Print all the data that follows exactly, images excluded.

(Dataset excerpts)
══════
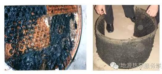 1)防堵塞。未處理原生污水中含有大尺度懸浮物,包括纖維狀的發(fā)絲類(lèi)、紙屑類(lèi)、藻狀類(lèi),普通的換熱設(shè)備是根本無(wú)法承受的。而實(shí)踐證明:已處理污水和地表水中的懸浮物含量相對(duì)較少,盡管與未處理原水不在同一數(shù)量級(jí),但隨著運(yùn)行時(shí)間增長(zhǎng),堵塞問(wèn)題也立即突現(xiàn),原水的堵塞時(shí)間為1~3d,而地表水則為7~10d。圖4是未處理原生污水的堵塞現(xiàn)象,圖5是已處理污水的堵塞狀況。
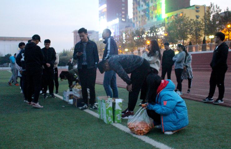 2017年11月29日下午五时许整,金融贸易学院“田径队福利发放”活动在操场正式开始。本次活动主要是为了给不辞辛劳训练的田径队员送去寒风中的一丝温暖。本次活动我院行政秘书兼团委书记闫帅老师、金贸学院常务副书记兼16级铺导员李雷老师、17级新生铺导员朱帅老师、朱风帅老师、常单单老师、苏浩老师提前到现场慰问,并询问队员们训练情况。金贸学院团委副书记李征宇、学生会主席李浩天、社团联合会理事长白嘉伟、副主席李宏润、郭晓阳、李丽娜等陪同。
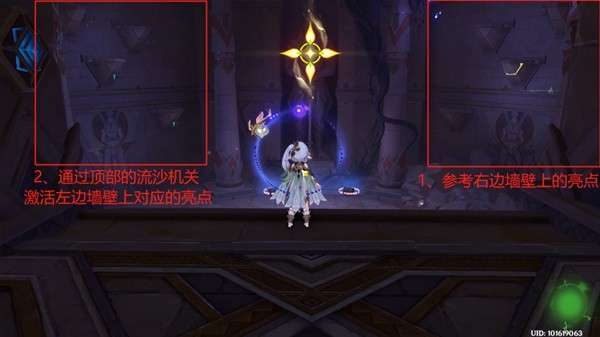 参考右边墙壁上的亮光点(金色),点亮对应左边墙壁上的沙池。一共有三次解密。
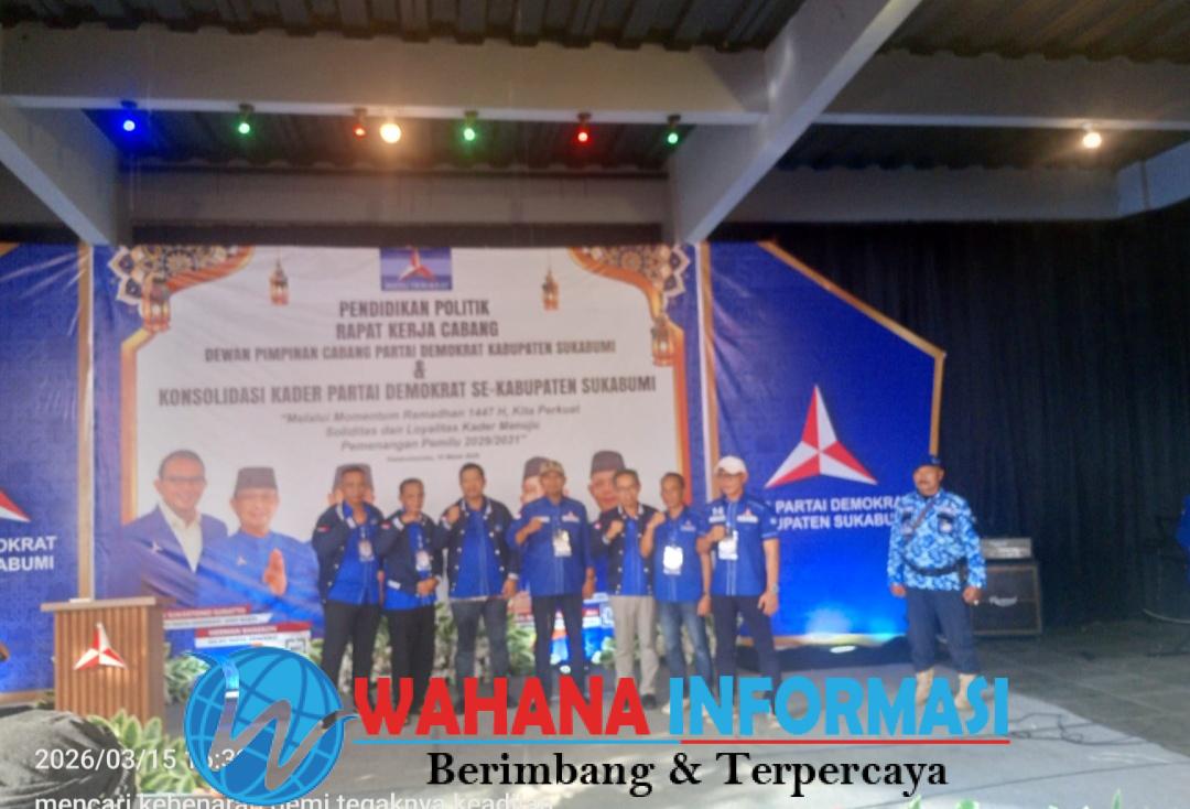 Wahanainformasi.com – Sukabumi – Dewan Pimpinan Cabang (DPC) Partai Demokrat Kabupaten Sukabumi menggelar kegiatan Pendidikan Politik dan Rapat Kerja Cabang (Rakercab) yang dirangkaikan dengan konsolidasi kader se-Kabupaten Sukabumi. Kegiatan tersebut berlangsung pada Minggu, 13 Maret 2026, di Teras Muara, Desa Citepus, Kecamatan Palabuhanratu, Kabupaten Sukabumi.
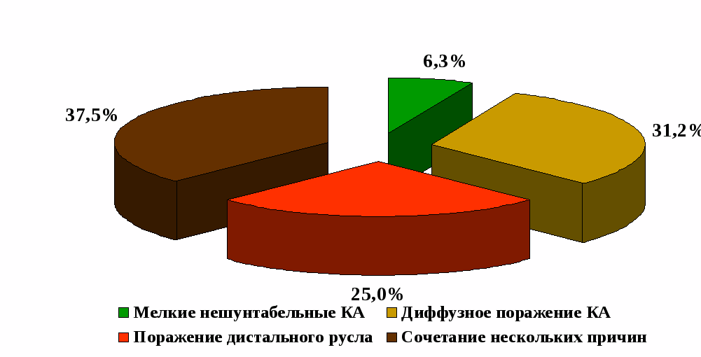 Как известно, наличие поражений в дистальных сегментах коронарных артерий не влияет на непосредственные результаты АКШ. Однако, в отдаленные сроки наличие дистальных сужений и диффузного поражения русла коронарных артерий существенно увеличивает число осложнений, количество случаев с возвратом стенокардии, заметно укорачивает сроки эффективного функционирования шунтов и, нередко, заканчивается фатально [94, 122, 168]. Как указывают H. Schaff и соавт. [171] наличие нешунтабельных коронарных артерий является наиболее значительным прогностическим признаком отдаленных осложнений и летальности после АКШ.
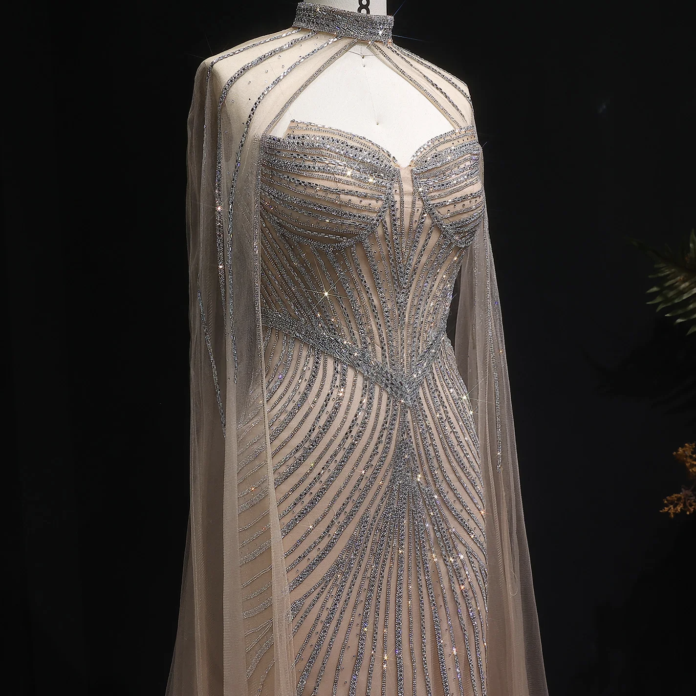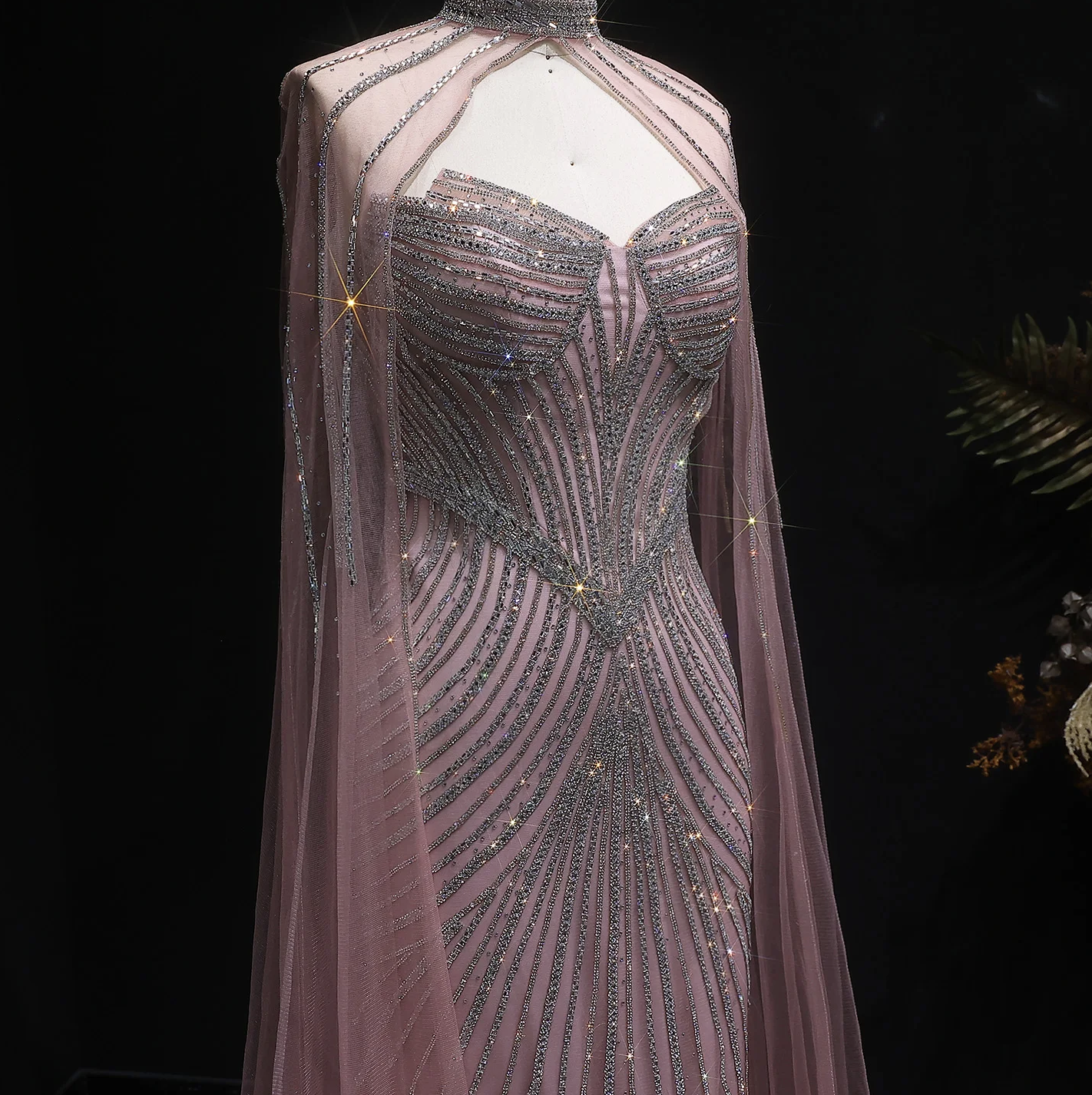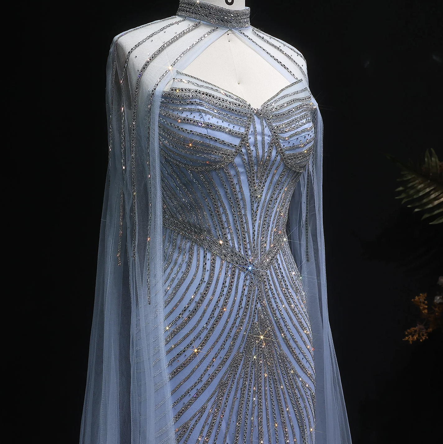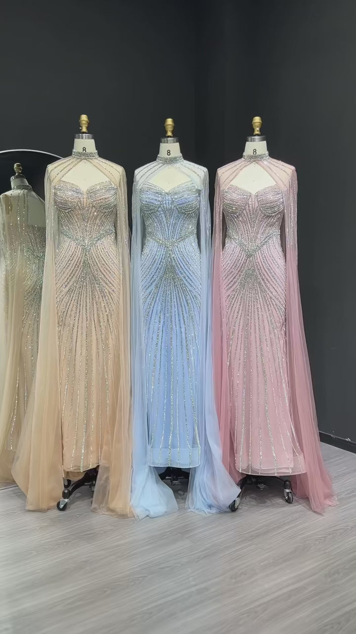 Dive into allure with the Pegasus Gown, a dazzling mermaid silhouette crafted from ethereal blue tulle. Beaded crystals catch the light, accentuating the bold sweep train and dramatic cape sleeves. This custom evening dress redefines elegance, commanding attention at weddings or parties with its sparkling detail and fearless design. Ready to turn every entrance into a grand statement?
══════
### Output for this task
 1)防堵塞。未處理原生污水中含有大尺度懸浮物,包括纖維狀的發(fā)絲類(lèi)、紙屑類(lèi)、藻狀類(lèi),普通的換熱設(shè)備是根本無(wú)法承受的。而實(shí)踐證明:已處理污水和地表水中的懸浮物含量相對(duì)較少,盡管與未處理原水不在同一數(shù)量級(jí),但隨著運(yùn)行時(shí)間增長(zhǎng),堵塞問(wèn)題也立即突現(xiàn),原水的堵塞時(shí)間為1~3d,而地表水則為7~10d。圖4是未處理原生污水的堵塞現(xiàn)象,圖5是已處理污水的堵塞狀況。
 2017年11月29日下午五时许整,金融贸易学院“田径队福利发放”活动在操场正式开始。本次活动主要是为了给不辞辛劳训练的田径队员送去寒风中的一丝温暖。本次活动我院行政秘书兼团委书记闫帅老师、金贸学院常务副书记兼16级铺导员李雷老师、17级新生铺导员朱帅老师、朱风帅老师、常单单老师、苏浩老师提前到现场慰问,并询问队员们训练情况。金贸学院团委副书记李征宇、学生会主席李浩天、社团联合会理事长白嘉伟、副主席李宏润、郭晓阳、李丽娜等陪同。
 参考右边墙壁上的亮光点(金色),点亮对应左边墙壁上的沙池。一共有三次解密。
 Wahanainformasi.com – Sukabumi – Dewan Pimpinan Cabang (DPC) Partai Demokrat Kabupaten Sukabumi menggelar kegiatan Pendidikan Politik dan Rapat Kerja Cabang (Rakercab) yang dirangkaikan dengan konsolidasi kader se-Kabupaten Sukabumi. Kegiatan tersebut berlangsung pada Minggu, 13 Maret 2026, di Teras Muara, Desa Citepus, Kecamatan Palabuhanratu, Kabupaten Sukabumi.
 Как известно, наличие поражений в дистальных сегментах коронарных артерий не влияет на непосредственные результаты АКШ. Однако, в отдаленные сроки наличие дистальных сужений и диффузного поражения русла коронарных артерий существенно увеличивает число осложнений, количество случаев с возвратом стенокардии, заметно укорачивает сроки эффективного функционирования шунтов и, нередко, заканчивается фатально [94, 122, 168]. Как указывают H. Schaff и соавт. [171] наличие нешунтабельных коронарных артерий является наиболее значительным прогностическим признаком отдаленных осложнений и летальности после АКШ.
 Dive into allure with the Pegasus Gown, a dazzling mermaid silhouette crafted from ethereal blue tulle. Beaded crystals catch the light, accentuating the bold sweep train and dramatic cape sleeves. This custom evening dress redefines elegance, commanding attention at weddings or parties with its sparkling detail and fearless design. Ready to turn every entrance into a grand statement?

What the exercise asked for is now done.